Комната родителей окном выходила на север, и с высоты шестнадцатого этажа центр Москвы смотрелся из нее очень достойно. Соболь нашел целых четыре высотки – Котельническую, Министерство иностранных дел, Баррикадную и Университет. Вдалеке поднималась Останкинская башня. Да много чего еще можно было увидеть отсюда. Город казался изящной игрушкой, стоящей перед вами на столе – маленькой, но с величайшей точностью выполненной моделью. Соболя всегда завораживал вид с высоты; точная модель города добавляла этому виду привлекательности.

– …в жизни общества начали проступать застойные явления…

Соболь-младший быстро повернулся к телевизору.

Да нет, он не ошибся. Генеральный секретарь Центрального комитета коммунистической партии, товарищ Михаил Сергеевич Горбачев выступал на недавно открытом двадцать седьмом съезде. И сейчас, судя по всему, читал обычный в таком случае доклад.

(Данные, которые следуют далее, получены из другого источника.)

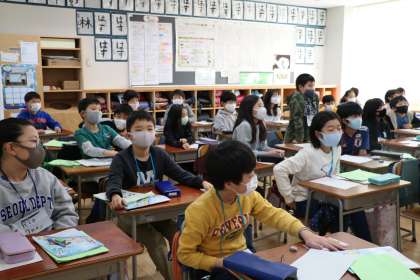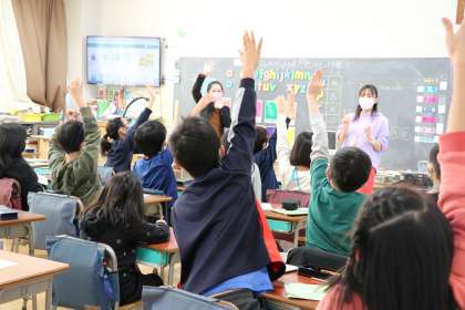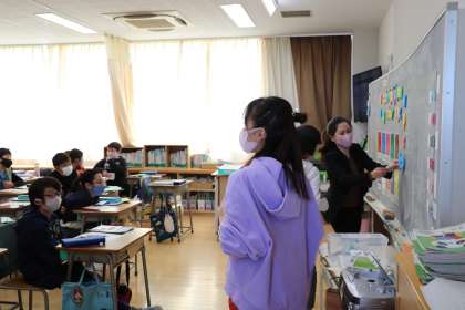 子どもたちが意欲的に頑張っている様子です。これ以上伸びないほど手を挙げてアピール。かわいいです。

Соболь-младший стал внимательно слушать и странное ощущение, словно стены чуть заметно поплыли перед глазами, появилось вдруг у него.

Потому что, сколько он помнил, генеральные секретари никогда не говорили такого. Конечно, в целом речь Горбачева была совершенно традиционной. Но Соболю-младшему повезло на сэнсея в области новейшей истории. Дед рассказал ему много – благо, восемьдесят лет этой истории прошло при его непосредственном участии – и вызвал у внука немалый интерес к предмету. И еще он говорил: если хочешь знать раньше и больше других – будь внимателен к мелочам.

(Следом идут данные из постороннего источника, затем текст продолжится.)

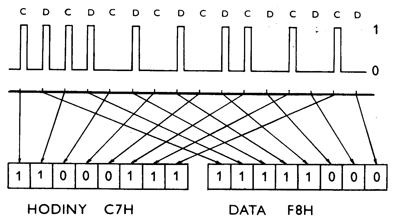 Z jednotky pružného disku je datový a hodinový signál předáván po společním vodiči /obr.3/. Z důvodu rozlišení dat od řídících znaků trvale zapsaných na disk /začátek adresové části, začátek datové části, Index/ jsou řídící znaky označeny vynecháním některých hodinových impulsů /tab.2/. Separátor dat a hodin slouží k rozdělení informací přicházejících z diskové jednotky na informace nesené daty a informace nesené hodinami.

Да, речь была в целом обычная. Но множество никогда не слыханных Соболем мелочей не могли не привлечь внимания сведущего человека.

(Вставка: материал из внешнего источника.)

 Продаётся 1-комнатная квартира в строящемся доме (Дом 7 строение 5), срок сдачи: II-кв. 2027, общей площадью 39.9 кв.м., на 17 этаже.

Он дослушал речь до конца, выключил телевизор, и вышел.

В своей комнате он открыл шкаф и раскопал среди одежки ключ от ящиков письменного стола.

Отпер один из ящиков и вытащил из кучи бумаг конверт с надписью «Дача фото 1985». В конверте действительно пребывали дачные фотографии минувшего лета. Но среди них прятался еще один конверт, без всяких надписей.

Соболь достал этот конверт, положил на стол перед собой и некоторое время смотрел на него.

Потом осторожно вскрыл перочинным ножом и вынул плотно исписанные дедовским почерком листы.

«В этом письме содержится предупреждение.

Оно достаточно серьезно для того, чтобы сообщить тебе о нем в возрасте более старшем, чем ты сейчас – я просил тебя вскрыть этот конверт в день твоего шестнадцатилетия.

Но оно может оказаться и срочным, и потому ты должен вскрыть этот конверт и раньше, если придешь к выводу, что в жизни нашей страны возможны значительные перемены.

Серьезный и ответственный человек всегда думает не только о своей судьбе, но и о судьбе страны, в которой живет. Для меня это тем более естественно, что вся советская история прошла при моем непосредственном участии, и еще потому, что мне довелось работать в проектах, которые затрагивали серьезные вещи, и общаться с серьезными людьми.

Своими мыслями о будущем я и хочу с тобой поделиться.

Когда произошла октябрьская революция, мне было семнадцать лет. Я готовился поступать в Высшее техническое училище, а потом всю жизнь работать инженером в области машиностроения, покидая Россию разве что из туристического любопытства. Но в нашей среде – как ты помнишь, мой отец преподавал в гимназии – к революции отнеслись настороженно. Некоторые уехали, другие собирались уезжать. И тогда отец сказал мне вот что. Сейчас – сказал он – ты должен принять решение, которое, возможно, необратимо, и которое определит всю твою дальнейшую жизнь. Ты можешь уехать. Американское миграционное законодательство таково, что тебе потребуется только немного денег – на билет и на первое время – чтобы стать американцем. Эти деньги я тебе дам. Но я не могу дать тебе денег на образование, и в Америке ты будешь никем. Просто неквалифицированным эмигрантом, плохо знающим местный язык. Ты можешь остаться. Тогда ты сможешь получить образование, потому что оно будет бесплатным: сейчас уже ни у кого нет таких денег, чтобы платить за учебу, а специалисты новой власти нужны – их и так не хватало, а многие уехали или уедут потом. Но что будет делать эта власть дальше, кем ты сможешь стать при ней даже с образованием – не знает никто. Выбирать надо быстро. Начинается война, и тебя в любой момент могут мобилизовать. Причем кто угодно – и белые, и красные. Каждый день может решить всю твою жизнь.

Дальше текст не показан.